O FUNDO É APENAS O COMEÇO

Neal Shusterman

Editora: Valentina

Páginas: 272

Ano: 2018

Sinopse:

Uma poderosa jornada da mente humana, um mergulho profundo nas águas da doença mental. CADEN BOSCH está a bordo de um navio que ruma ao ponto mais remoto da Terra: Challenger Deep, uma depressão marinha situada a sudoeste da Fossa das Marianas. CADEN BOSCH é um aluno brilhante do ensino médio, cujos amigos estão começando a notar seu comportamento estranho. CADEN BOSCH é designado o artista de plantão do navio, para documentar a viagem com desenhos. CADEN BOSCH finge entrar para a equipe de corrida da escola, mas na verdade passa os dias caminhando quilômetros, absorto em pensamentos. CADEN BOSCH está dividido entre sua lealdade ao capitão e a tentação de se amotinar. CADEN BOSCH está dilacerado.
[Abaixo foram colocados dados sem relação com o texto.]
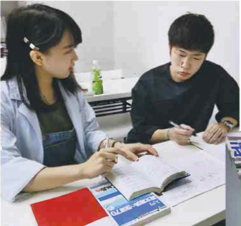
講師が受験生の学習状況を管理する（東京都文京区）
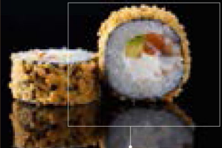
Crunchy roll : Friterad sushirulle som får en krispig smak
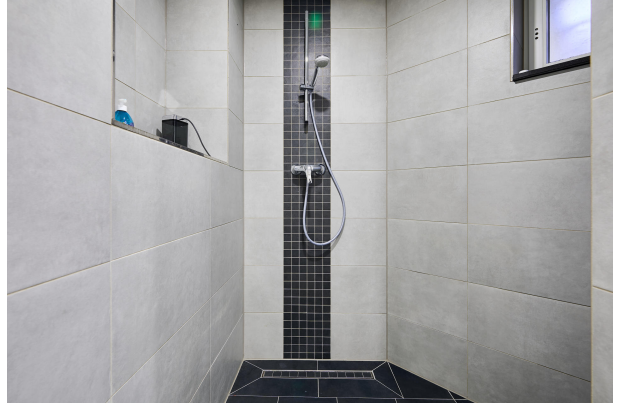
Ca. 160m 2 Souterrain mit Baugenehmigung
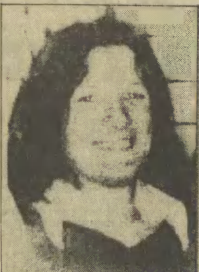
Robert Sands, członek „skrzydła tymczasowego” IRA.
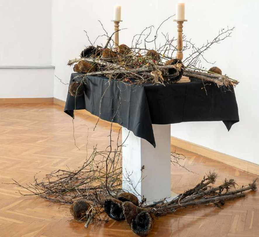
SACRIFICATIO GAÁL IMRE GALÉRIA 2021
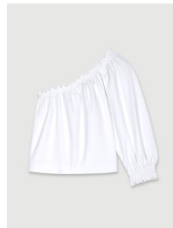
Top LOPINE 155€ / 100€
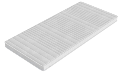
Ausführung mit Border
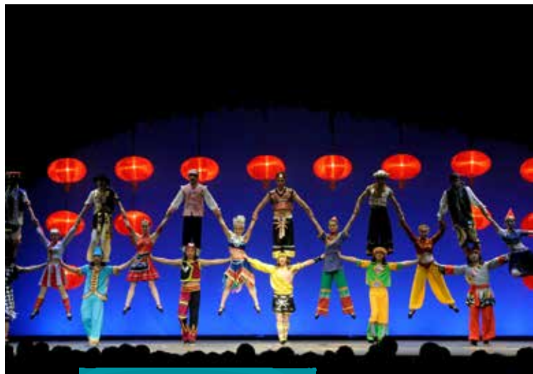
2003 : Ballet Pékin
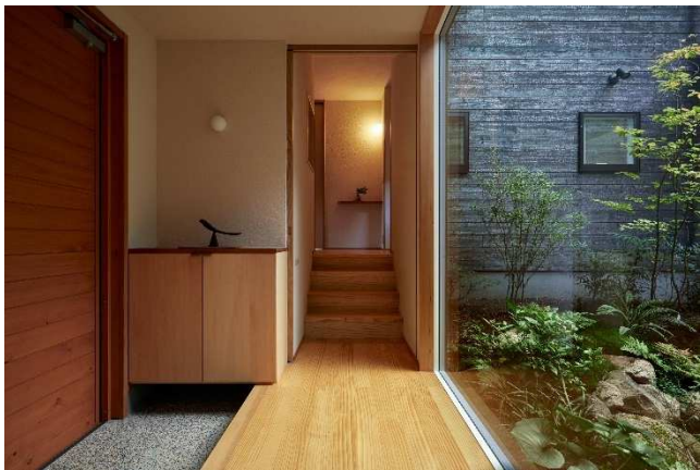
玄関を入ると、中庭が見える大開口↑
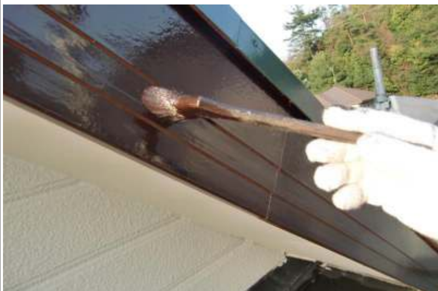
破風板二回目施工中
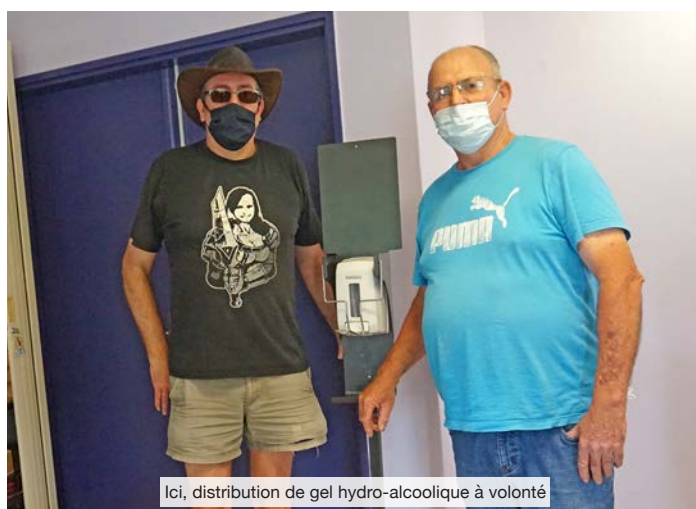
Ici, distribution de gel hydro-alcoolique à volonté

Cativante e poderoso, O Fundo é Apenas o Começo é um romance que permanece muito além da última página, um pungente tour de force de um dos mais admirados autores contemporâneos da ficção jovem adulta.

“As coisas que sinto não podem ser traduzidas em palavras, ou, se podem, são palavras numa língua que ninguém pode compreender. Minhas emoções têm o dom bíblico de falar em idiomas desconhecidos.”

(Página 13)

Essa foi, sem dúvida, uma das melhores e mais difíceis leituras que fiz em 2018.

A resenha demorou a sair porque é bem complicado falar de um assunto que não se domina, embora na vida real eu tenha visto de perto um pouco – bem pouco mesmo – do que o nosso psicológico é capaz.

O Fundo é Apenas o Começo do premiado autor Neal Shusterman me arremessou dentro da mente caótica de um jovem transtornado, tornando a experiência da leitura completamente nova e difícil de colocar no papel. “Sentir na pele” a história nunca foi tão intenso.

“O que acontece quando o seu universo começa a sair do ponto de equilíbrio e você não tem a menor noção em reconduzi-lo ao centro? Só pode dar murro em ponta de faca, esperando que as paredes desmoronem e a sua vida se torne um grande cinzeiro misterioso.”

(Página 31)

A trama gira em torno de Caden Bosch. O garoto acabou de completar quinze anos e sua vida é como a de qualquer jovem, com uma rotina familiar e estudantil bem comum. Até Caden perceber que algo não está certo. Sua mente passa a lhe pregar peças difíceis de encaixar, tornando aquela rotina comum um verdadeiro caos.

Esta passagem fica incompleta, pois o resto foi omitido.